Goal of the exercise: Everything in the records below from the line containing "Nachfolgend die Bouncer-Ergebnisse" through the line containing "Keep your devices" is to be reproduced exactly, those two lines included; no picture is to be copied.

Records:
◇ ◇ ◇ ◇
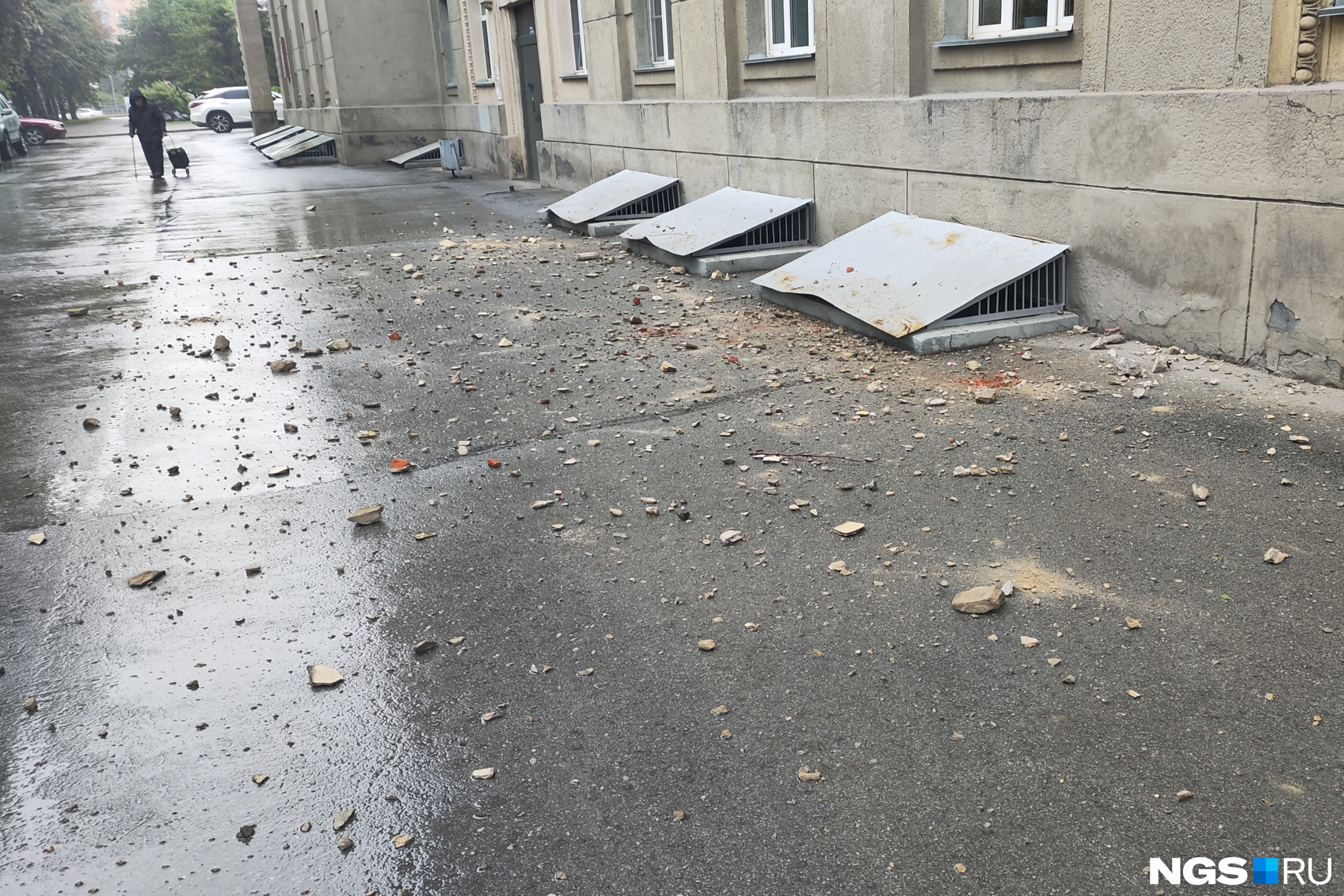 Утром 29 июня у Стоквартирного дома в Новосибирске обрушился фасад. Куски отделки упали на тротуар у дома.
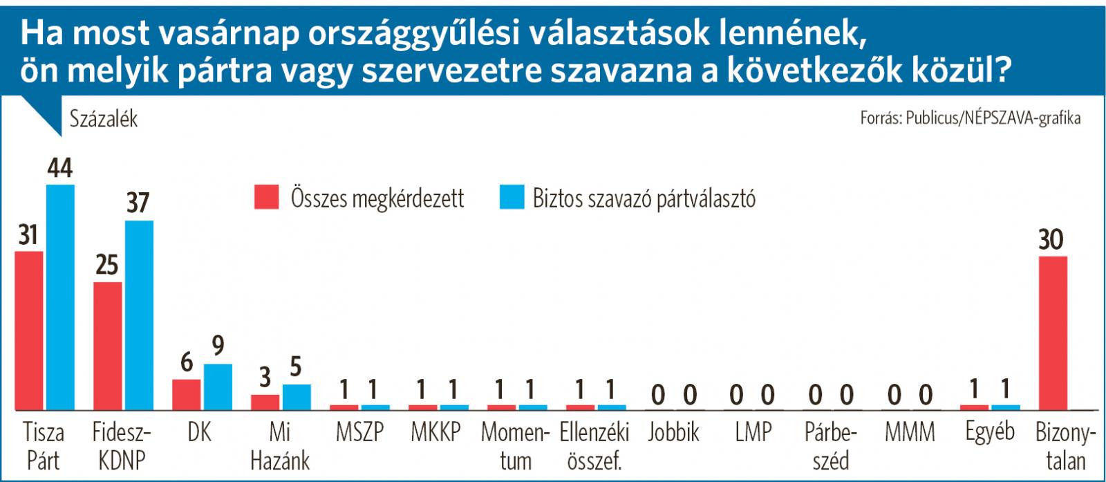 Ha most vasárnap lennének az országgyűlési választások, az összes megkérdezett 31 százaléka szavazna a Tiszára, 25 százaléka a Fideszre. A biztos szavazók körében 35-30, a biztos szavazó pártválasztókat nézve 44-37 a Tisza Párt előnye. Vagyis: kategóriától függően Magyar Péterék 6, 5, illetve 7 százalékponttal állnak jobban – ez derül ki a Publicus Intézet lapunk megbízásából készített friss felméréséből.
◇ ◇ ◇ ◇
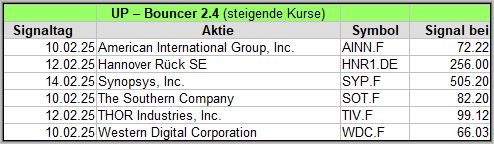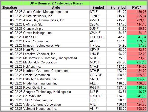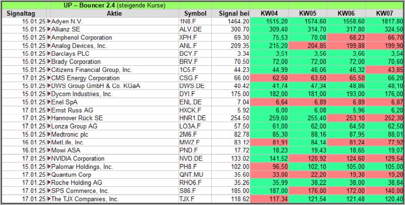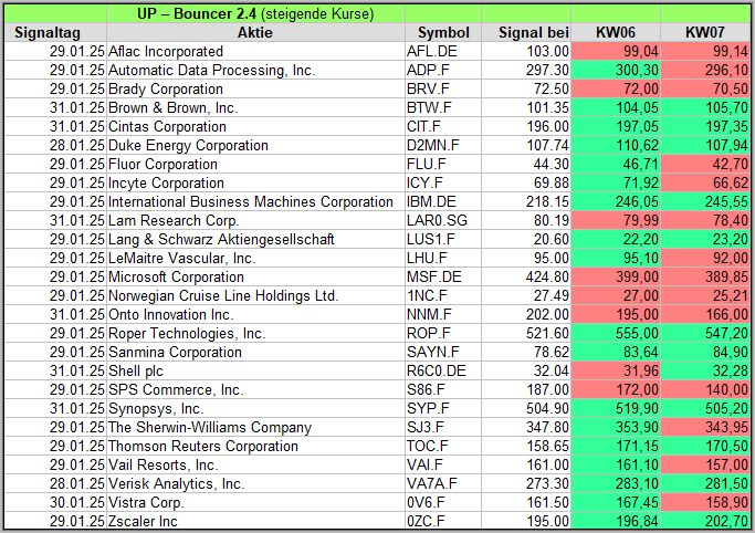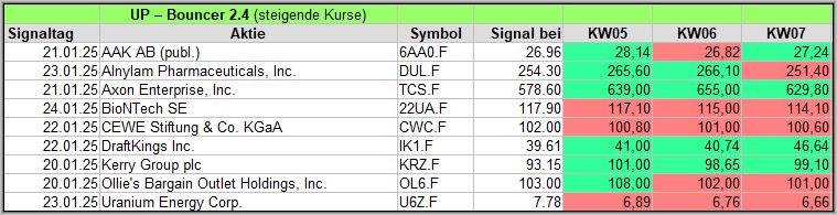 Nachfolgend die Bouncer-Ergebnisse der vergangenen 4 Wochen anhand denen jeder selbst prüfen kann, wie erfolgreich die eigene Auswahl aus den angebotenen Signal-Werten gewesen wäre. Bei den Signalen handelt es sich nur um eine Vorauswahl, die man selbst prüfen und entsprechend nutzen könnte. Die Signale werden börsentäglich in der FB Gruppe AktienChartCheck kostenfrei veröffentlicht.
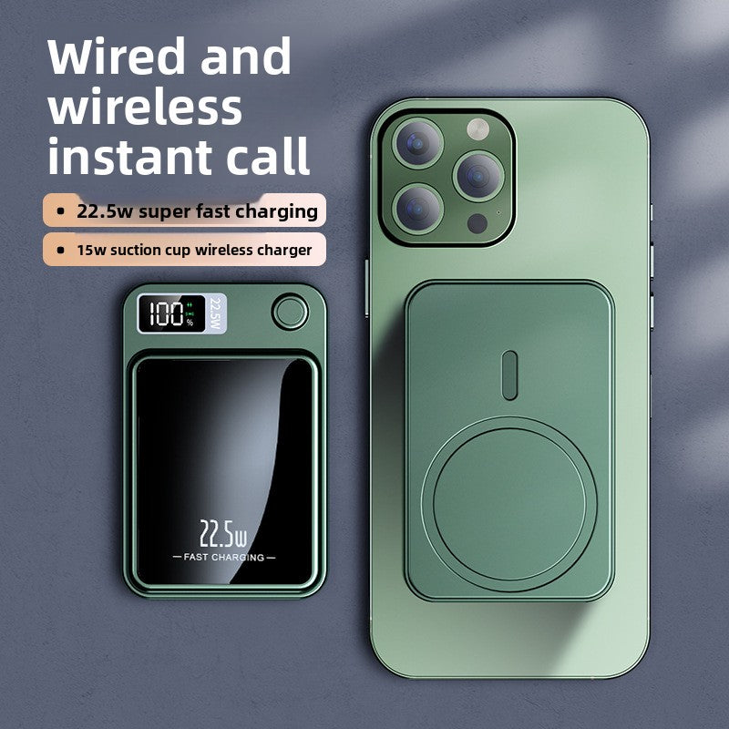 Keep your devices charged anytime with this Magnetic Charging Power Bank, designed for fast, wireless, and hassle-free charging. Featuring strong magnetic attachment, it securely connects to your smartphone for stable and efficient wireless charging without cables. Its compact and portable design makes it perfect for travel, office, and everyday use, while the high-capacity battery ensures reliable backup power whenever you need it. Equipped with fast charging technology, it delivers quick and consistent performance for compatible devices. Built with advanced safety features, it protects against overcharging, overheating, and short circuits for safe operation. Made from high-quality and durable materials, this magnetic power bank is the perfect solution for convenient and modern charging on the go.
◇ ◇ ◇ ◇
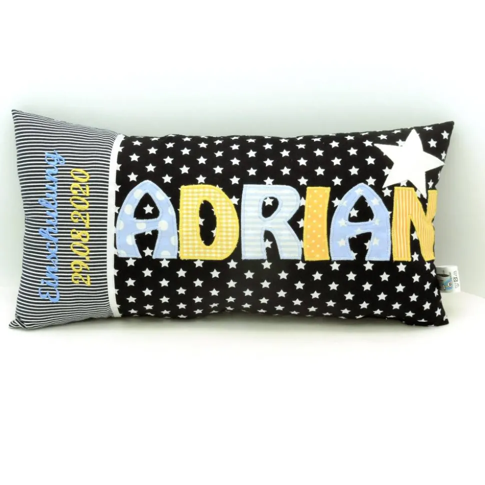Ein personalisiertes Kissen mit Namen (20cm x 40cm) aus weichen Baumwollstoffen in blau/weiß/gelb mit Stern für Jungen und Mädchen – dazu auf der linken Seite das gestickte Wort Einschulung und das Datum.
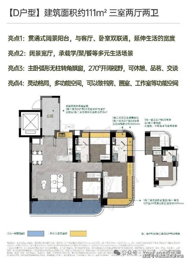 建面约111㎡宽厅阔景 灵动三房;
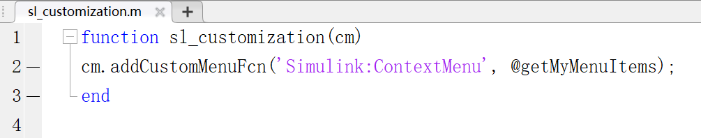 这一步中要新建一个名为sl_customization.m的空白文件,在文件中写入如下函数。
◇ ◇ ◇ ◇
Answer to the exercise:
 Nachfolgend die Bouncer-Ergebnisse der vergangenen 4 Wochen anhand denen jeder selbst prüfen kann, wie erfolgreich die eigene Auswahl aus den angebotenen Signal-Werten gewesen wäre. Bei den Signalen handelt es sich nur um eine Vorauswahl, die man selbst prüfen und entsprechend nutzen könnte. Die Signale werden börsentäglich in der FB Gruppe AktienChartCheck kostenfrei veröffentlicht.
 Keep your devices charged anytime with this Magnetic Charging Power Bank, designed for fast, wireless, and hassle-free charging. Featuring strong magnetic attachment, it securely connects to your smartphone for stable and efficient wireless charging without cables. Its compact and portable design makes it perfect for travel, office, and everyday use, while the high-capacity battery ensures reliable backup power whenever you need it. Equipped with fast charging technology, it delivers quick and consistent performance for compatible devices. Built with advanced safety features, it protects against overcharging, overheating, and short circuits for safe operation. Made from high-quality and durable materials, this magnetic power bank is the perfect solution for convenient and modern charging on the go.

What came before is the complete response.